The third and final principle Shak listed is that the development of diagnostic tests requires collaborations, clinical research funding, and the skills, processes, resources, and incentives to do it right. “Sometimes the hardest thing isn’t the technology; it’s people.”
One particular obstacle Shak mentioned is the potential need to address all of the payers individually, of which there may be 100 or more in the United States and abroad. Innovative systems need to be developed by payers to gauge the value of the diagnostic in their own system. He described a method implemented by Clalit, which is the largest payer in Israel, to document the value of Oncotype Dx use. Clalit created a simple form that physicians filled out in order to get access to the test, in which they indicated what they would have done without it. “Since they’re the payer, they could collect what was done. They could rapidly document for themselves the impact of the test in their clinical practice.” Another innovative system implemented by CareFirst and Highmark was to pilot a program which provided greater reimbursement at a higher rate for the appropriate use of Oncotype Dx. “We need to be innovative in the way that we think about capturing data in clinical practice … and providing incentives around it,” said Shak.
He also listed obstacles and potential solutions to the development of diagnostic tests, some of which were also described by other speakers:
• There is a knowledge and experience gap among those working in and assessing this new field which needs to be closed through continued education.
• Current incentives have the effect of encouraging individual rather than team science. Leadership, teamwork, and collaboration needs to be incentivized and rewarded.
• Reimbursement is uncertain, which points to the continued need to move to pricing based on value.
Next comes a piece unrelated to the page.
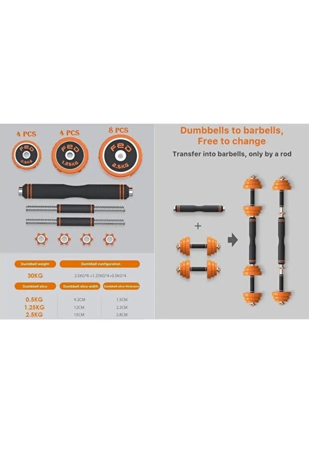 Hepitop Çantalı 30 KG Dambıl Seti Döküm

• Regulation is uncertain, which points to the need for regulations that are fit to purpose and suitable for continued rapid introductions of new and improved tests.
Shak concluded by observing that his company has been working in recent years on next-generation sequencing technologies that have made it possible to investigate not just candidate genes but the entire transcriptome. “I never would have dreamed in my lifetime that it’s now possible to see … over 50 million reads from a single sample. How do we analyze that data? What are the bioinformatics? How do we apply and harness this technology? The principles that we’re talking about here are what is needed to make it possible to actually bring these advances in a responsible way to patients.”